By Samuel Metz, M.D.
The Oregonian, July 26, 2011
Medicare turns 46 this week and there is much to celebrate. Medicare assures health care for seniors who might otherwise find health care inaccessible. It saves our government money. It makes the lives of our seniors better.
Two concepts inspired Medicare. First, seniors require more care than younger Americans. Second, seniors usually live on less income; many survive only on Social Security. This combination renders seniors extremely vulnerable to losing their savings, homes or lives from easily treatable diseases.
And Medicare provides good care. American life expectancy at birth ranks 30th in the world. We remain 30th for the rest of our lives — until we reach 65. Then, our rank rises until we reach 14th at 80. We can thank the remarkable access to health care provided by Medicare.
Every industrialized nation guarantees health care for seniors. Indeed, we are unhappily distinctive in being the only industrialized nation that does not guarantee care for everyone else, as well. Medicare restores us to a civilized status.

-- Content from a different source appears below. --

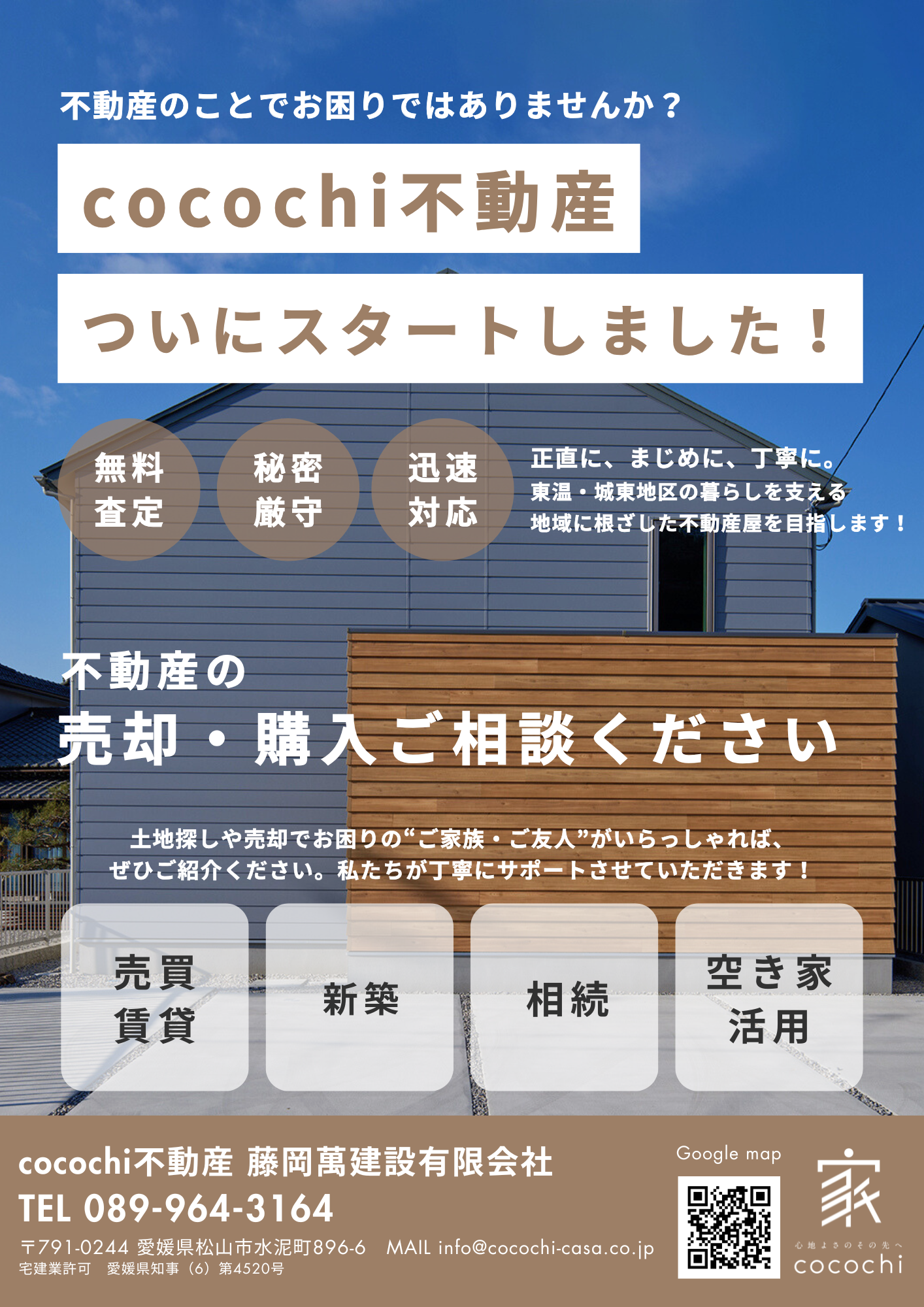 元々、藤岡萬建設は宅建業者でしたが、新たに『cocochi不動産』と言う名前でスタートします!

Before Medicare, only 40 percent of nonworking seniors had health insurance, and of those with coverage, private insurance paid for less than 10 percent of their hospital bills. The principle of insuring only the healthy who consume little care and avoiding the sick has always driven our private insurance industry. No insurance company can make money by offering the same comprehensive, affordable coverage to seniors as Medicare, so they don’t offer it. Our experience with Medicare Advantage, an effort to privatize parts of Medicare, resulted in our government spending $17 billion more for the same benefits available through Medicare. Our private insurance industry was in no hurry to insure seniors before Medicare started. They are in no hurry now. Medicare revolutionized health care access for seniors.
Why is Medicare expensive? Simply, health care for seniors will always cost more than that of healthier, younger Americans. And costs are rising in every health care system around the world, not just Medicare. The United States is doubly cursed because our costs are rising faster and are already twice as expensive as other countries. Though hard to believe, Medicare is a leader in fighting cost increases. Private insurance industry costs are rising nearly twice as fast as those of Medicare. And when it comes to administrative expenses, private insurance is 10 times higher than Medicare. In fact, if the single payer financing of Medicare were applied to citizens of all ages, we would save $350 billion annually, more than enough to provide comprehensive health care to every American.
Medicare is good for our seniors and good for our country. It provides health care far more affordably and efficiently than our private insurance industry. It saves our country hundreds of billions of dollars in administrative overhead. And if we expand Medicare to cover younger, healthier Americans, we would all get more care at less cost.
Medicare: Celebrate it, protect it, improve it, and expand it. We need more Medicare, not less.
Portland physician Samuel Metz is a member of Physicians for a National Health Program and a founding member of Mad As Hell Doctors.